Task details:
Copy, please, the line with "Drehmaschinen auch mit" and each line that follows it through the end of the data below, exactly as given and without pictures.

Items from a data source:
= = = = =

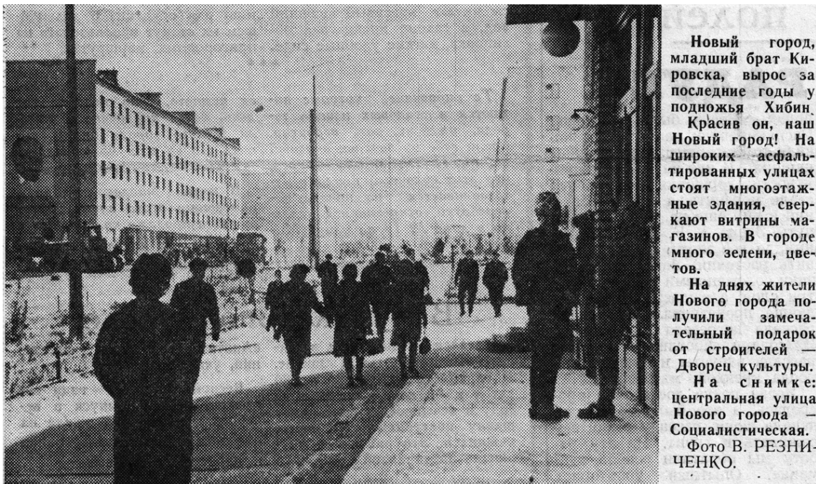
«КР», август 1965 г.
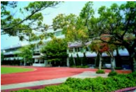
校園建築
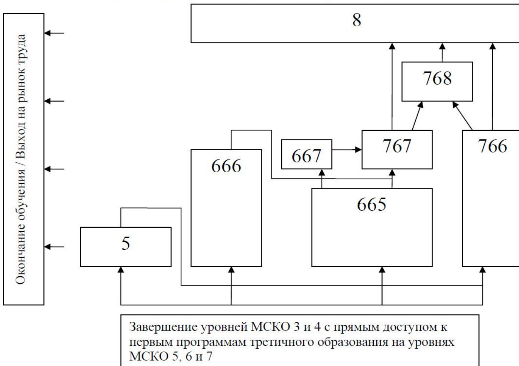
Схема 1. Пути перехода третичного образования в рамках МСКО
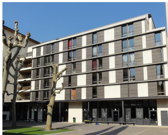
... et après les travaux de reconstruction de 2005

C'est ainsi que depuis plus de 130 ans notre établissement s'efforce d'offrir aux élèves qui le fréquentent un cadre propice à leur épanouissement personnel et scolaire :
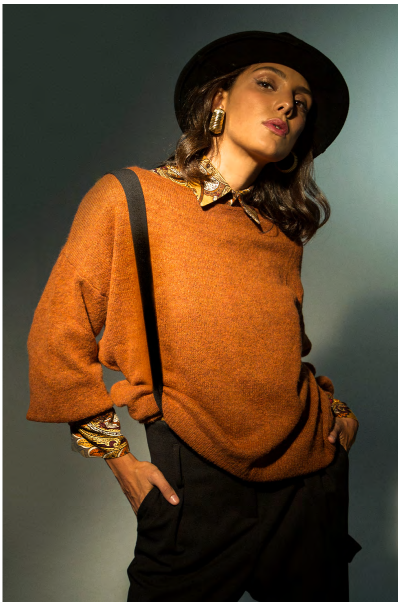
Camicia CA106AOTB; MaxiPull MA8748ITTB; Pantalone straccali PA303AOTB
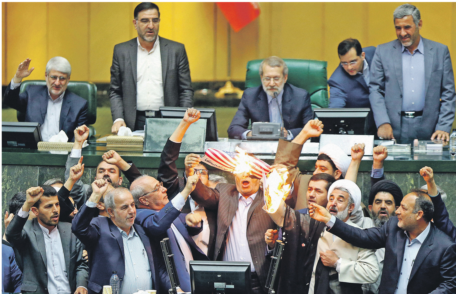
9 мая иранские парламентарии сожгли американский флаг и копию СВПД после того, как Дональд Трамп объявил о выходе США из ядерной сделки с Ираном

Действие американских санкций против Ирана будет возобновлено в срок до полугода (от 90 до 180 дней), заявили в Министерстве финансов США. В частности, с 6 августа вновь будет действовать ограничение на покупку долларов иранским правительством, возобновятся ограничения на торговлю Ирана золотом и другими драго-
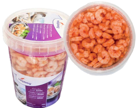
Tarro de gamba pelada Jumbo 464 1 x 1,5 kg (P.Esc: 900 g)
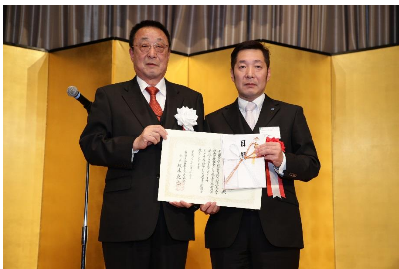
青年経営者顕彰授与式（銀賞：滋賀県トラック青年協議会）
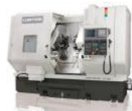
Drehmaschinen auch mit Gegenspindel und Y-Achse
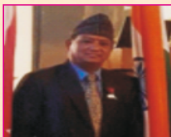
Shri Bhavesh Shresth Hon'ble Chairperson Nepal Tourism Board, Nepal
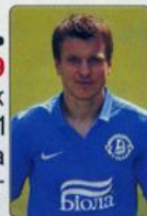
Руслан Ротань №29 Полузащитник 29.10.1981 Украина Рост 174 см, вес 67 кг
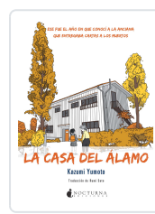
LA CASA DEL ÁLAMO YUMOTO, KAZUMI
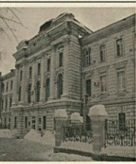
Здание бывшего Епархиального женского училища (ныне Детской областной клинической больницы)

С мая 1890 г. по ноябрь 1897 г. тверской губернатор, действительный статский советник и камергер. Происходил из старинного дворянского рода, окончил юридический факультет Московского университета со степенью кандидата права и поступил на канцелярскую должность в один из департаментов Правительствующего Сената. В 1887 году был назначен московским вице-губернатором. В Твери он особое внимание уделял вопросам правопорядка и законопослушания. Губернатор заменил половину руководства полиции отставными армейскими офицерами. Гонениям подвергались лидеры тверского земства. «Стремление навести порядок» привело к конфликту с дворянством. В годы правления Ахлестышева в Твери была образована первая губернская больница, на Волжской набережной открылось Епархиальное женское училище в составе двух классов, для нужд полиции появились первые телефонные аппараты, а 25 сентября 1895 года по улицам губернского центра проехал первый автомобиль.
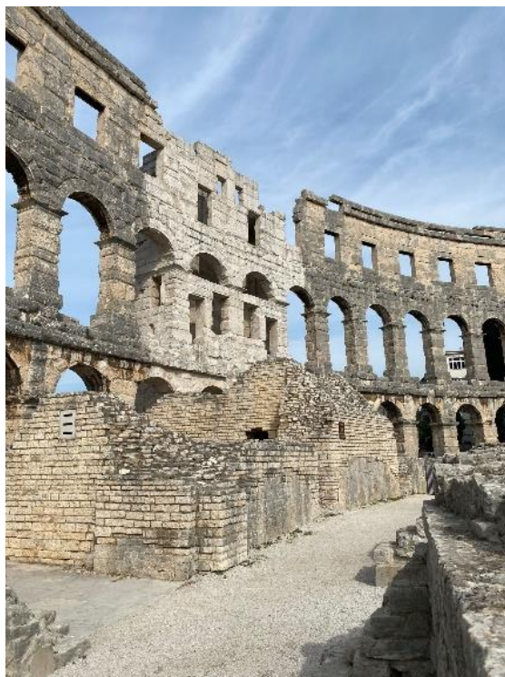
Slika 3. Toranj s vodospremom
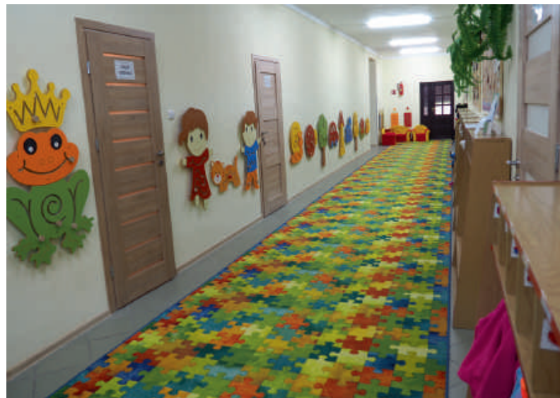
Przedszkolny korytarz po remoncie.
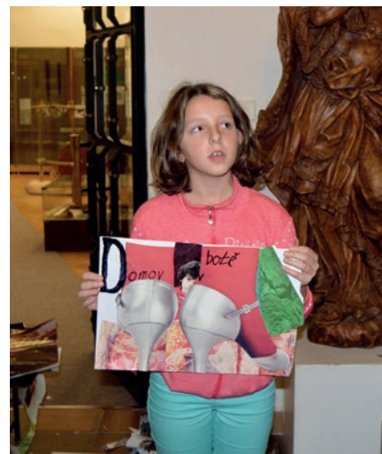
Program pro školy Plakát jako fenomén doby k výstavě Zlatá éra českého filmového plakátu .

= = = = =

Output of the task:
Drehmaschinen auch mit Gegenspindel und Y-Achse
Shri Bhavesh Shresth Hon'ble Chairperson Nepal Tourism Board, Nepal
Руслан Ротань №29 Полузащитник 29.10.1981 Украина Рост 174 см, вес 67 кг
LA CASA DEL ÁLAMO YUMOTO, KAZUMI
Здание бывшего Епархиального женского училища (ныне Детской областной клинической больницы)

С мая 1890 г. по ноябрь 1897 г. тверской губернатор, действительный статский советник и камергер. Происходил из старинного дворянского рода, окончил юридический факультет Московского университета со степенью кандидата права и поступил на канцелярскую должность в один из департаментов Правительствующего Сената. В 1887 году был назначен московским вице-губернатором. В Твери он особое внимание уделял вопросам правопорядка и законопослушания. Губернатор заменил половину руководства полиции отставными армейскими офицерами. Гонениям подвергались лидеры тверского земства. «Стремление навести порядок» привело к конфликту с дворянством. В годы правления Ахлестышева в Твери была образована первая губернская больница, на Волжской набережной открылось Епархиальное женское училище в составе двух классов, для нужд полиции появились первые телефонные аппараты, а 25 сентября 1895 года по улицам губернского центра проехал первый автомобиль.
Slika 3. Toranj s vodospremom
Przedszkolny korytarz po remoncie.
Program pro školy Plakát jako fenomén doby k výstavě Zlatá éra českého filmového plakátu .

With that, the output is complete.